I am given the head node of a linked list and I need to determine if there are any circular references.
After last problem, I'm very appreciative of an easy one. I need to go through the list, cache the nodes I've already visited, and if next is a node I've already visited, I return true, indicating that we're in a loop. If I reach the end of the list, it means next is null, at which point I can return false.
The code -
/**
* Definition for singly-linked list.
* class ListNode {
* val: number
* next: ListNode | null
* constructor(val?: number, next?: ListNode | null) {
* this.val = (val===undefined ? 0 : val)
* this.next = (next===undefined ? null : next)
* }
* }
*/
function hasCycle(head: ListNode | null): boolean {
const foundVals = new Set<ListNode>();
let curr = head;
while(true){
if(!curr?.next){
return false
}
if(foundVals.has(curr)){
return true
}
foundVals.add(curr)
curr = curr.next;
}
}This has an O(n) runtime complexity, but is spatially expensive due to the Set.
A review of Sets
My original solution had foundVals as a list of numbers, and instead of adding the whole node, I added node.val. This worked for most of the scenarios, but there were scenarios in which different nodes shared a value, but should still be counted differently.

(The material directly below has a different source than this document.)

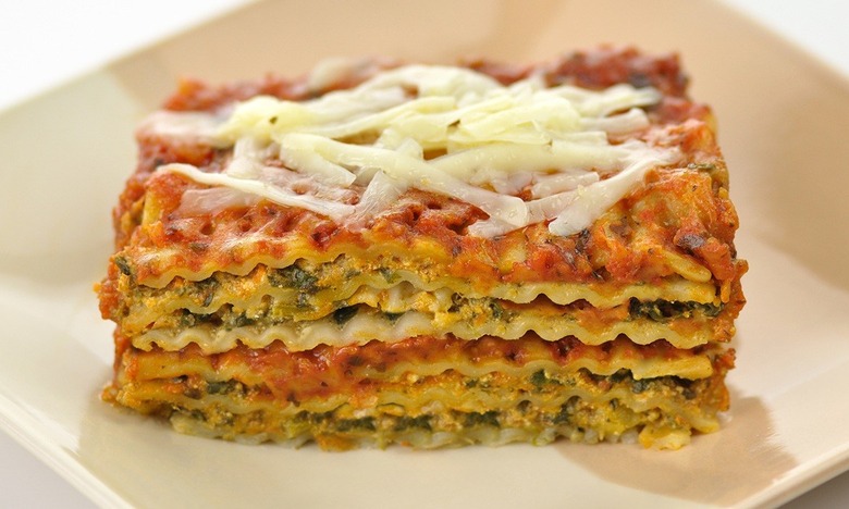 - Wash spinach carefully and chop coarsely. You should have about 2 well-packed cups of chopped spinach. Chop the onion and saute it lightly in the olive oil with the minced garlic. Combine the Ricotta cheese, grated Romano, spinach, sauteed onion, beaten eggs, and mix well. Season the mixture with a little salt, plenty of fresh ground black pepper and some chopped parsley. Grate the Mozzarella coarsely and cook the lasagne noodles until they are just al dente. Now you are ready to assemble the lasagne. Butter a large, oblong baking dish, or two smaller square ones. Arrange a layer of lasagne noodles in the bottom, then spread on a layer of Ricotta cheese mixture, sprinkle that with Mozzarella, and cover it over smoothly with tomato sauce. Repeat these layers once or twice more, until everything is used up. Be sure to end with sauce on top, regardless of whatever is directly beneath it. Cover the baking pan with aluminum foil, crimping the edges tightly. Bake the lasagne at 350 degrees for 40 minutes, take off the foil cover, and bake it another 10 to 15 minutes uncovered. Serve very hot, with herb bread or garlic toast, and follow it with a very green, very crisp salad.

I am intrigued by the magic of Sets, as it feels almost like cheating the way in which I can evaluate an entire node against a set of existing nodes.
Aha - I've learned more about Sets. This works because when added objects to Sets, they're added by reference instead of by value, so instead of evaluating the whole object, the Set.has() check is simply evaluating against locations in memory. When storing primitive values, though, they are stored by value instead of my reference.
Another possible solution
Another possible solution to this problem is to use our old friend two pointers and use Floyd's Cycle Finding Algorithm. In this algorithm, we have two pointers going through the list at different speeds. If there is a cycle, they will end up on the same node at some point before the faster node ever reaches the end of the list.
function hasCycle(head: ListNode | null): boolean {
let slow = head;
let fast = head;
while(fast !== null && fast.next !== null) {
slow = slow.next;
fast = fast.next.next;
if(slow === fast) {
return true;
}
}
return false;
}When I ran this on Leetcode, it was decently slower than my original solution, while still being O(n), but took up way less space! This has an O(1) space complexity, since we're not caching any values.
Final thoughts
Again, I'm grateful for an easy problem, impressed with the magic of JS Sets, and intrigued by the number of seemingly infinite on-off algorithms for specific problems. Shout out Floyd, whomever you may be.